WHAT THIS TASK INVOLVES
The answer is an exact repeat of the entries below, with the pictures omitted.

RECORDED INFORMATION
○ ○ ○ ○

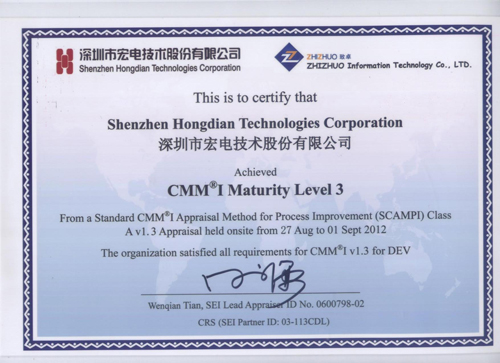 2012年9月1日,經(jīng)過評審小組嚴格的審核和評估,SEI授權(quán)評估師隆重的宣布,深圳市宏電技術(shù)股份有限公司通過CMMI-ML3復(fù)審和重新認證。
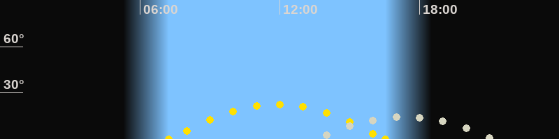 | Sonnenaufgang | 07:14 Uhr im Südosten (αAz = 116°) |
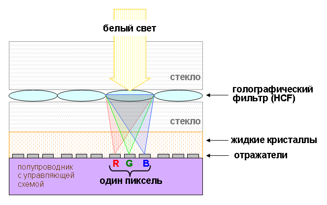 | Описание | Scheme of LCoS (Liquid crystal on silicon) Microdevice with HSF (Hologram Color Filter)
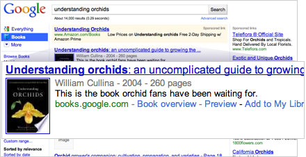 Each Google Books result will display the book’s title and author, a short excerpt containing the highlighted search terms, and other public data about the book.
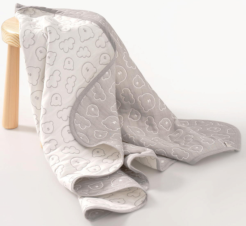 Стильное и практичное решение — двусторонний дизайн пледа. Милые мордашки зверюшек в узоре понравятся и родителям, и малышу.
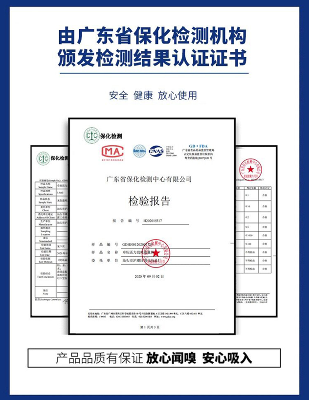 萃取薄荷脑、桉油、冰片等植物精华,不含酒精、二氧化硅,不含尼泊金酯类防腐剂,经过安全检查,使用健康放心。

○ ○ ○ ○

ANSWER FOR THIS EXERCISE
 2012年9月1日,經(jīng)過評審小組嚴格的審核和評估,SEI授權(quán)評估師隆重的宣布,深圳市宏電技術(shù)股份有限公司通過CMMI-ML3復(fù)審和重新認證。
 | Sonnenaufgang | 07:14 Uhr im Südosten (αAz = 116°) |
 | Описание | Scheme of LCoS (Liquid crystal on silicon) Microdevice with HSF (Hologram Color Filter)
 Each Google Books result will display the book’s title and author, a short excerpt containing the highlighted search terms, and other public data about the book.
 Стильное и практичное решение — двусторонний дизайн пледа. Милые мордашки зверюшек в узоре понравятся и родителям, и малышу.
 萃取薄荷脑、桉油、冰片等植物精华,不含酒精、二氧化硅,不含尼泊金酯类防腐剂,经过安全检查,使用健康放心。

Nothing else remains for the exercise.